Jay Chou's first MV trailer has been officially released, what are your expectations?

The most reasonable expectation is not simply “another big-budget Jay Chou visual,” but a signal about where he wants to place this phase of his career. A first trailer matters because it does more than preview a song: it establishes visual ambition, narrative tone, and the extent to which the new release is leaning toward nostalgia, experimentation, or myth-making. With an artist like Jay Chou, fans are rarely reacting only to one MV; they are reacting to whether the work feels like a continuation of his classic creative identity or a polished but thinner replay of it.

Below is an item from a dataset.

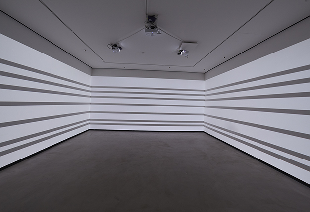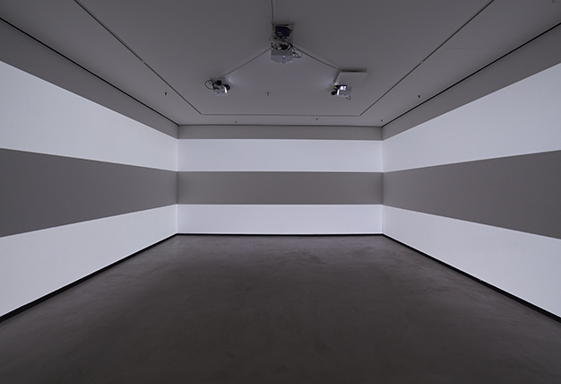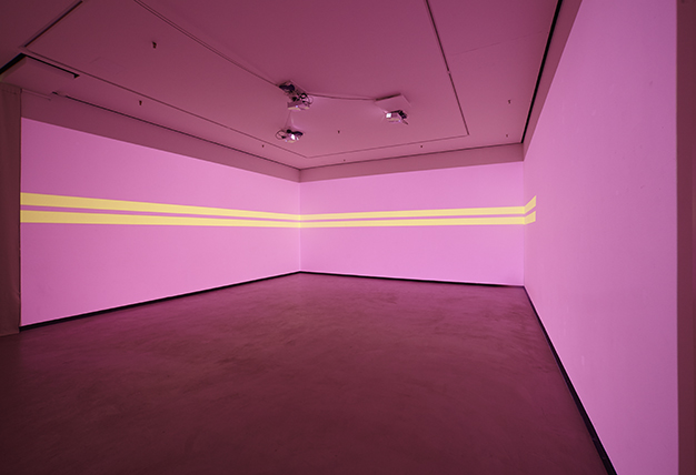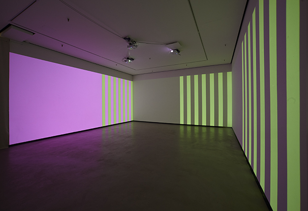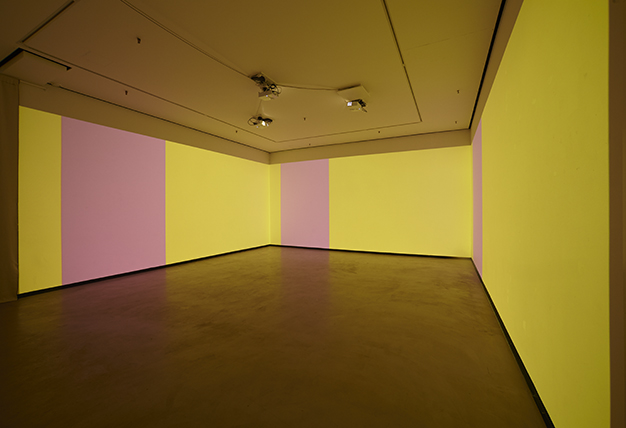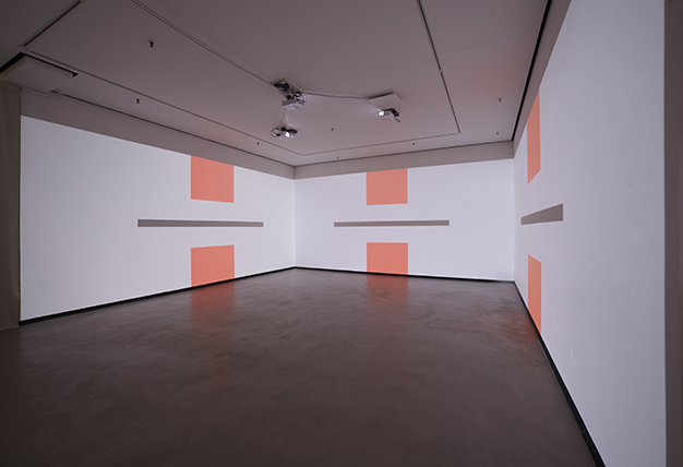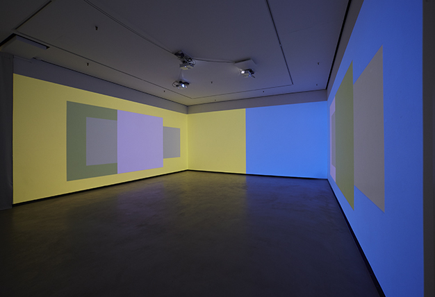 The Colours video installation in my exhibition is reflected on three walls and can be viewed both as a moving image and a painting. In my work, I explored what happens when the element of time is integrated into the examination of an abstract painting by cropping and synchronising images by means of moving image.

What people are likely hoping for can be divided into three layers. The first is musical and visual coherence: the trailer should suggest that the MV has a clear concept rather than just expensive imagery. The second is artistic freshness: after such a long career, audiences do not merely want technical competence, they want evidence of a new emotional or stylistic angle. The third is symbolic weight. For many listeners, a Jay Chou release is still judged against the memory of his strongest eras, so even a trailer becomes a referendum on whether he can still create an event rather than simply release content.

In that sense, the right expectation is ambitious but not naïve. Fans can reasonably hope for strong visual storytelling, a memorable melodic hook, and a sense that the project has been carefully authored rather than assembled by formula. What will disappoint people is not necessarily simplicity, but emptiness. If the trailer suggests intention, atmosphere, and confidence, then anticipation will build naturally.